Gli ho risposto con un mezzo ghigno che non avevo avuto pace fino al suo arrivo ed ero in attesa di sapere se aveva scoperto qualcosa.

- Vedo che non hai seguito i miei consigli – mi ha risposto – con l’agitazione e il nervosismo non recuperi di certo i tuoi ricordi. Sono qui per una seduta, ma se non manterrai un certo controllo dovremo sedarti e non potrò rivelarti ciò che ho scoperto.

- No, dottore – gli ho risposto disperata – non mi faccia questo, per favore, la prego cercherò di controllarmi.

E ho fatto un lungo respiro.

Il dottore non mi ha risposto subito, ha esitato un bel po’, ma poi mi ha assicurato che se avessi mantenuto la calma, dopo la seduta mi avrebbe detto ciò che sapeva.

Abbiamo iniziato e concluso con grande sforzo la seduta, durante la quale ho scoperto che Anna era molto legata a me, perché era mia madre.

A tale rivelazione sono rimasta senza fiato, ho sentito un enorme vuoto nella testa ed ho iniziato a piangere disperata.

- Perché non è qui con me? – ripetevo tra le lacrime.

- Calmati – mi ha esortato il dottore – se tua madre non è qui c’è un valido motivo.

- Ma come si può abbandonare una figlia in questo modo?

L’ho implorato di dirmi tutta la verità e alla fine ho scoperto che i miei genitori avevano perso la vita in un tragico incidente stradale. Io ero l’unica sopravvissuta, perché era morto anche mio fratello, più piccolo di me di qualche anno.

- Nooo! – ho urlato crollando tra le braccia del mio psichiatra – Sono rimasta sola, come farò adesso?

- Cara Giulia – ha detto il dottore cercando di calmarmi – ho fatto delle ricerche sulla tua famiglia e ho trovato dei tuoi parenti che non abitano in Italia. Una sorella di tuo padre vive in Francia, mentre tua madre, che era figlia unica, non aveva nessuno. Hai solo bisogno di tempo per rifletterci su e recuperare te stessa, non sarà facile per te ricominciare, ma sei giovane e credo che quando avrai recuperato le forze e i ricordi saprai cosa fare. Passa un po’ di tempo con tua zia e dopo potrai decidere se rimanere in Italia dove comunque potrai contare su di me e mia moglie. Noi saremo felici di sostenerti nelle tue scelte, di aiutarti a superare le difficoltà e a trovare un lavoro che ti permetta di vivere dignitosamente.

L’ho ringraziato e ho cercato di sorridere, promettendo a me stessa di combattere e prendere la giusta decisione sul mio futuro.

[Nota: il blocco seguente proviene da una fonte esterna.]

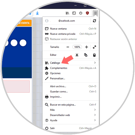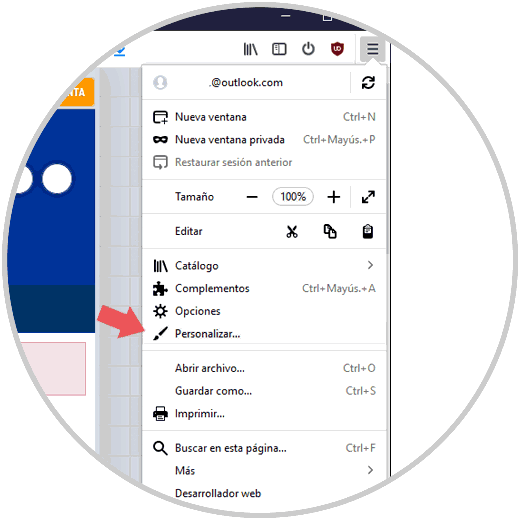 Ahora, si deseamos tener a mano siempre el botón de "Descargas" en Quantum, debemos pulsar de nuevo en el menú del navegador y seleccionar la opción "Personalizar":
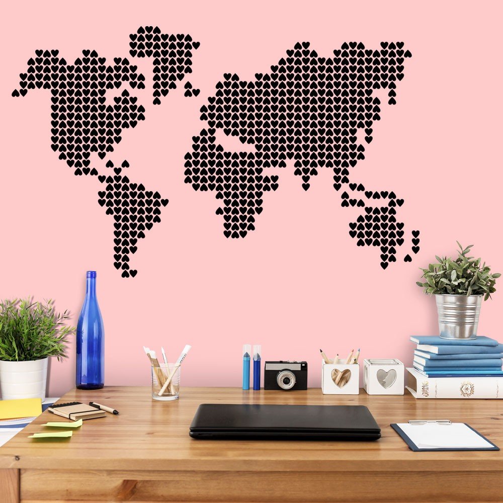 Este modelo, Adesivo de Parede Mapa Corações, pode ser usado em praticamente qualquer superfície lisa, pode ser utilizado para decorar quarto infantil, sala, sala de estar, sala de tv, cozinha, hall de entrada, quarto de casal, bar, espaço gourmet, cabeceira de cama, escritório, banheiro, box de banheiro, etc...

È trascorso un anno e mezzo e ho recuperato la memoria. La mia meravigliosa famiglia mi manca tantissimo e il dolore è vivo, ma combatto per andare avanti nonostante tutto.

Sono stata in Francia a trovare zia Eugenia e ho trascorso le vacanze estive con la sua famiglia e insieme siamo stati bene, ma non sono rimasta lì anche se me lo hanno chiesto, sapevo che il mio posto era in Italia per finire i miei studi. Il dottore Priscoli mi ha assunta come sua segretaria e mi ha aiutato a trovare un piccolo appartamento non lontano dal suo studio.

Mi sono laureata e dopo sei mesi ho vinto una borsa di studio, ora sto preparando le valigie per gli Stati Uniti. Mia madre avrebbe voluto che seguissi la carriera accademica come lei, ma so che non sarebbe delusa dalla mia scelta. Il master che sto per frequentare mi permetterà di specializzarmi in psicologia del trauma psicologico, perché ho il desiderio di aiutare chi ha vissuto il mio stesso problema.